In 1893 the Women's Board of Home Missions of the Presbyterian Church purchased the land where Warren Wilson College stands today. The women of the church were concerned that many Americans in isolated areas were not receiving a proper education and decided to establish church supported schools in areas where there were no public services.
In 1894, the Asheville Farm School officially opened with 25 boys attending and a professional staff of three. It was not until 1923 that the school had its first graduating class. In 1936, the first post-secondary programs in vocational training began with the goal of giving students more opportunities in the job market. In 1942, the junior college division was established, while the Asheville Farm School continued as a boys unit in high school studies. Also at that time, the Dorland-Bell School of Hot Springs merged with the Farm School, bringing high school age girls to campus, and Warren Wilson Vocational Junior College was joined with them under one administration.
After World War II, the public education system in North Carolina improved dramatically, and the need for the mission's high school diminished. The last high school class was graduated in 1957. Warren Wilson College was a junior college until March 1966 when it was established as a four-year college, offering six majors. In 1972, the National Board of Missions deeded the Warren Wilson College property to the college's Board of Trustees. Since that time, the College has grown and changed in many ways. In 1981 the first low-residency graduate program in writing in the country moved to Warren Wilson College and remains the school's only graduate division. Most recently, an Outdoor Leadership major was added, and in 1996 the North Carolina Outward Bound School moved its headquarters to campus.

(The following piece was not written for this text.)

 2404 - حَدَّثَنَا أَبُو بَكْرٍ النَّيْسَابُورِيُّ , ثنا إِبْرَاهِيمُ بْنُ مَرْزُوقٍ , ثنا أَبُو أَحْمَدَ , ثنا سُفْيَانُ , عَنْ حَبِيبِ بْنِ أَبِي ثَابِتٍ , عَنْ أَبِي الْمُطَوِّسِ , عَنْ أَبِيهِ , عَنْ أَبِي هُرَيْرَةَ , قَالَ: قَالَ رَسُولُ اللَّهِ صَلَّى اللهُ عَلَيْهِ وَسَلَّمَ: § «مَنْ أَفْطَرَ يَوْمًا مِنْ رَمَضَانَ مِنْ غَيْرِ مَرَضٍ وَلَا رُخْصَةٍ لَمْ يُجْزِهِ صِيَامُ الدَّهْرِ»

Throughout the years, the farm and garden have remained as definitive features of the College. The five-acre college garden is certified as an organic vegetable and fruit garden and apple orchard. The 275-acre "River Friendly" farm has over 100 hormone-free, antibiotic-free beef cattle, hogs and free-range chickens. Beef, pork and eggs from the farm and organic produce from the garden are available in season to the Warren Wilson community.

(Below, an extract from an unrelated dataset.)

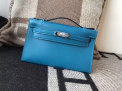 Hermes凱莉手包 mini kelly box 7W伊兹密尔蓝 Blue Lzmir 银扣 金扣金屬 手拿包

Warren Hugh Wilson (1867-1937) was born near Tidioute, Pennsylvania in 1867 and spent his teen years in nearby Bradford, where his father moved the family in 1879. He graduated from Oberlin College in 1890 and moved to New York City, where he became the first secretary of the YMCA. In 1908 he received his doctorate from Columbia University where he worked on a thesis that was described as "the first studies in the sociology of rural life in America." That same year Mr. Wilson joined the staff of the Board of Home Missions of the Presbyterian Church (U.S.A.) as one of two superintendents in the Department of Church and Labor. Many feel that the rural church movement that complemented the rising national interest in rural life owed its origin to the work of Warren Wilson. He died just prior to his 70th birthday on March 1, 1937.